ESPE Abstracts

Introduction: Noonan syndrome (NS) is one of a group of diseases known as rasopathies, which share a common molecular substrate: alterations in the RAS-MAPK signaling pathway. NS is characterized by clinical and genetic heterogeneity. Up to 50% of cases are caused by variants in the PTPN11 gene, although more than 10 genes have been identified as involved in the pathogenesis of this disease with marked clinical overlap.

Objectives: To establish phenotypic differences in patients with NS based on whether it is caused by PTPN11 or another gene.

Materials and Methods: Retrospective observational study that included all patients diagnosed with NS (genetic and/or clinical) between 2005 and 2022 in the Paediatric Endocrinology unit of a single tertiary health care centre. The IBM SPSS software package was used for statistical analysis, using the chi-square test for quantitative variables, and Fisher's exact test when expected values were <5.

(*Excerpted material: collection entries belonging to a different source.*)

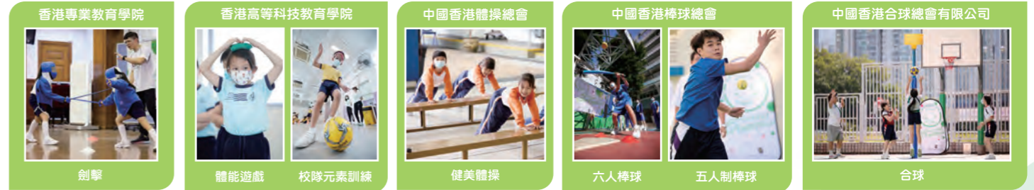
香港專業教育學院 香港高等科技教育學院 中國香港體操總會 中國香港棒球總會 中國香港合球總會有限公司 劍擊 體能遊戲 校隊元素訓練 健美體操 六人棒球 五人制棒球 合球
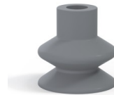
Référence déclinaison : 1 27NR A
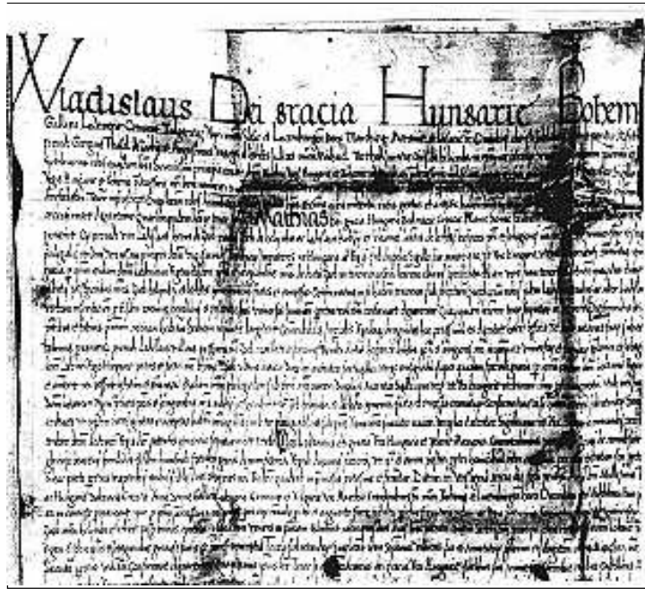
II. Ulászló oklevelének részlete Szob-Helemba-Letkés hajósnépekéről.

még a Duna-medencében, pedig az őskortól a római koron át az újkorig ez volt a kereskedelmi és hadi utak egyetlen "sztrádája" a Kárpát-medencében. Ez a kiállítás annak a kutatásnak és tervezésnek a kez-
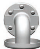
Schéma technique :
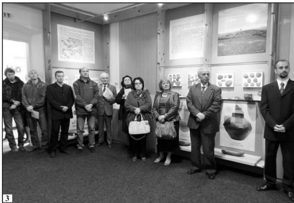
Fig. 3. 1. Afișul manifestării; 2-3. Imagini din timpul festivității de deschidere
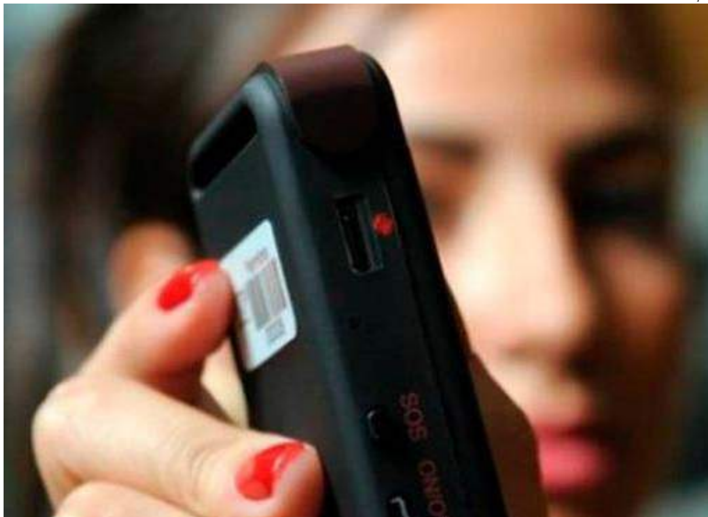
Projeto agora segue para a sanção do prefeito de Manaus, David Almeida

Com a sanção do prefeito, linhas de ônibus da capital devem ter dispositivo integrado às polícias e permitirá imediato acionamento nos casos de abordagens de criminosos.
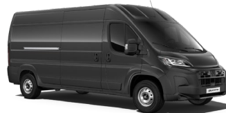
Nero Metallizzato (632) (metalliväri)
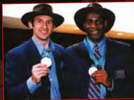
ANTOINE RIGAUDEAU et JIM BILBA, Médailleurs d'argent aux Jeux Olympiques de Sydney en 2000

★ VAINQUEUR DU TROPHÉE DU PRÉSIDENT 2007/2008
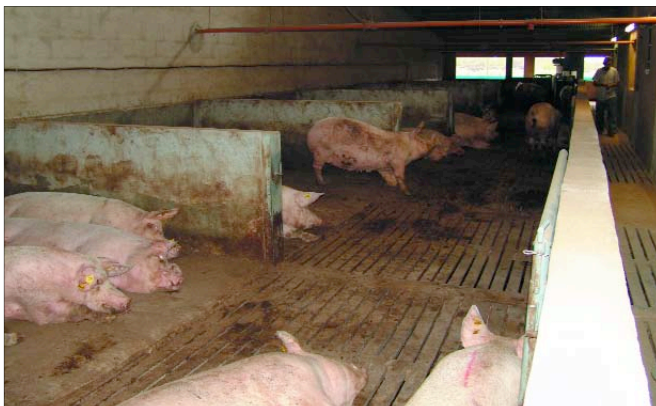
Parque y pasillo de servicio entre parques

La repentina libertad de movimientos de que gozan tras haber permanecido largo tiempo con una limitada movilidad repercute en su sistema muscular, no "entrenado" para la actividad. Es, por tanto, un aspecto a tener en cuenta en la adaptación de las cerdas adultas en las granjas en remodelación donde pudiera apreciarse una cierta apatía o inactividad de éstas en los primeros días de estar en parques.
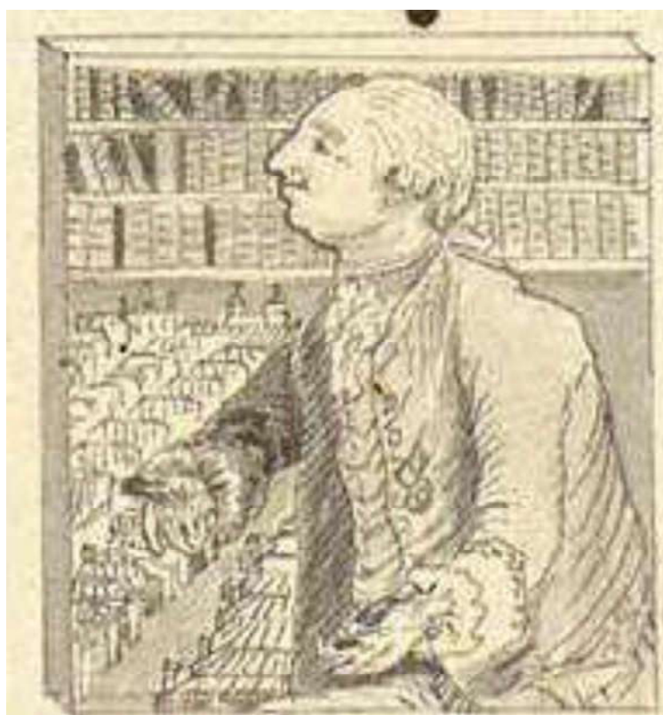
Retrato del superintendente Pablo de Olavide ofreciendo las Nuevas Poblaciones a Carlos III, 1769. Detalle de la Perspectiva de la entrada de La Peñuela, capital de las Nuevas Poblaciones de Sierra Morena.

En 1769, el visitador Pedro Joseph Pérez-Valiente no vio oportuna por razones de decoro la colocación de la imagen de la Inmaculada en la plaza de los Mesones, sustituyéndola por la efigie del príncipe Carlos, y trasladando el relieve mariano a la portada de la parroquia. Los paneles con las inscripciones quedaron vacíos.
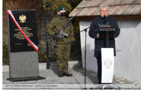
Odsłonięcie tablicy poświęconej ofiarom „Marszu Śmierci”
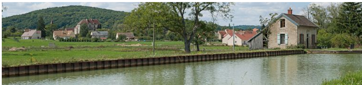
Vue du site d'écluse et du château de Venarey (IA21003512) à l'arrière-plan.

21, Venarey-les-Laumes, lieudit : bief 55 du versant Yonne
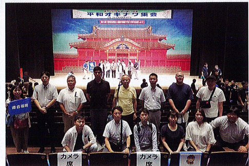
連合福岡からの参加者の皆さん
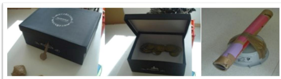
Fotografia 8 - Objetos criados pelas crianças para enriquecerem as suas brincadeiras em torno do castelo.

Do domínio da expressão dramática , as crianças demonstraram interesse pelo jogo simbólico ou o faz-de-conta. Foi através deste interesse das crianças que surgiu o projeto “Construção do castelo”. As brincadeiras das crianças normalmente eram enriquecidas com adereços da área do faz de conta, com adereços construídos pelas crianças (no caso das brincadeiras relacionadas com o projeto “Construção do castelo”). Eram igualmente enriquecidas através da imitação e recriação de situações do quotidiano e ainda através da utilização de diferentes possibilidades de utilização da VOZ.
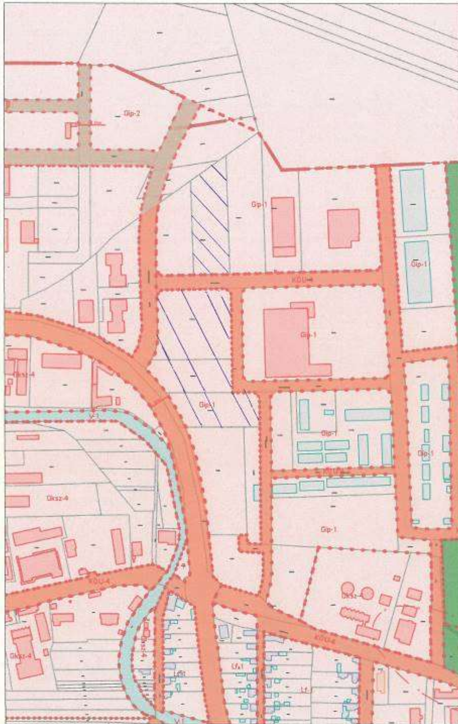
2018.7.25, Szekszárd, M = 1:4000
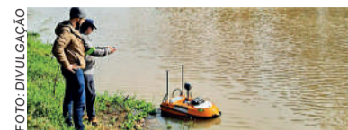
UDESC promoveu treinamentos

O ADCP é uma tecnologia utilizada internacionalmente para
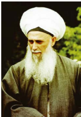
Шәйех Мөхәммәт Нәзим әл-Хәккани قدس سره
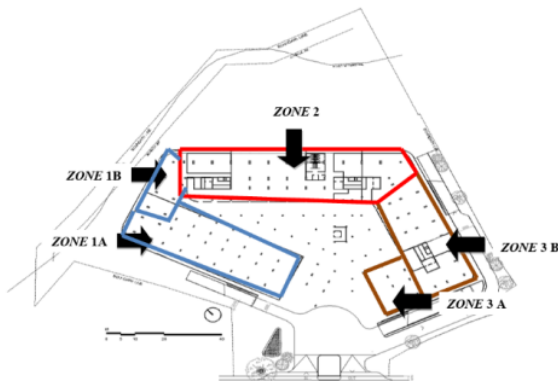
Gambar 4. Rencana Zoning Pekerjaan Pada Proyek Apartemen X Kota Malang
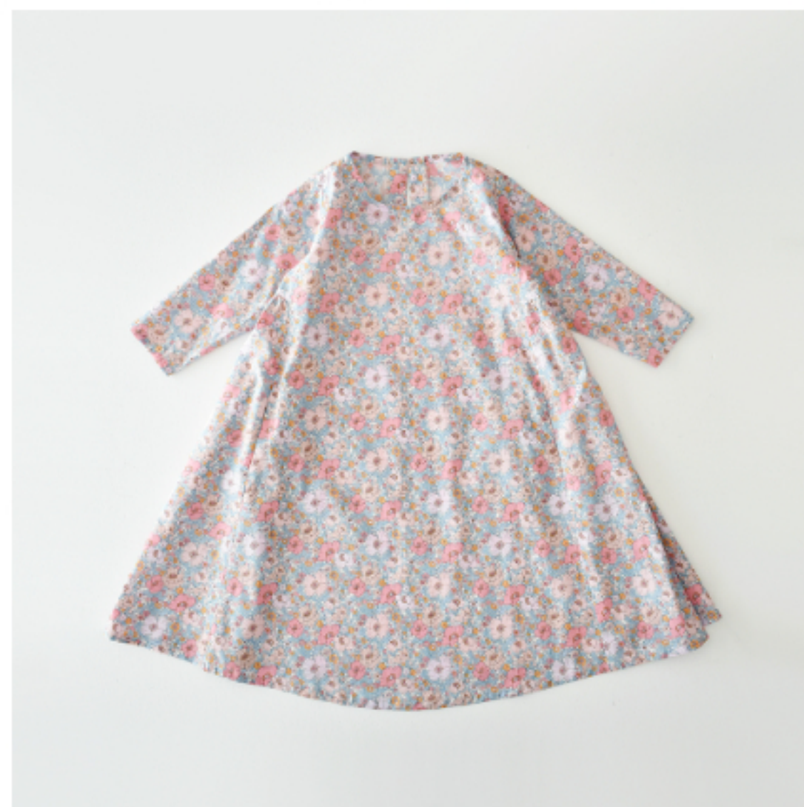
22AT(ピンク系)：『CHECK&STRIPE Sewing Diary in Paris パリのソーイングダイアリー』(世界文化社) サイドギャザーのワンピース 子ども

Results: A total of 56 patients were included, with a median age at diagnosis of 4.3 years (IQR 1.4-10.4). The genetic cause was identified in 53 patients (94.6%), with 34 of them having variants in PTPN11 (66.1%), 5 in SOS1 and RIT1 (8.9% respectively), 2 patients in RAF1 (3.6%) and one patient in KRAS, MAP2K1, RASA2, and LZTR1 (1.8% respectively). Regarding clinical features, 75.5% of patients had typical facial features. 89.3% had some type of cardiovascular abnormality, with pulmonary stenosis (62.5%) and hypertrophic cardiomyopathy (8.9%) being the most frequent and characteristic. Short stature was observed in 55.3% of patients, with 55% of them receiving growth hormone treatment. Other less characteristic abnormalities included lymphatic disorders (21.4%), cryptorchidism (80%), palmoplantar keratosis (23.2%), musculoskeletal anomalies (76.8%), and hematologic abnormalities (23.3%). The statistical association of all phenotypic characteristics with the presence or absence of mutation in PTPN11 was studied. Only a significant result was obtained in the association of low height and mutation in PTPN11 (P=0.022).

Conclusions: Since NS is an entity with great clinical variability and all known causative genes participate in the same signaling pathway, it is difficult to establish phenotypic differences based on the affected gene. The phenotypic overlap described in the literature is confirmed.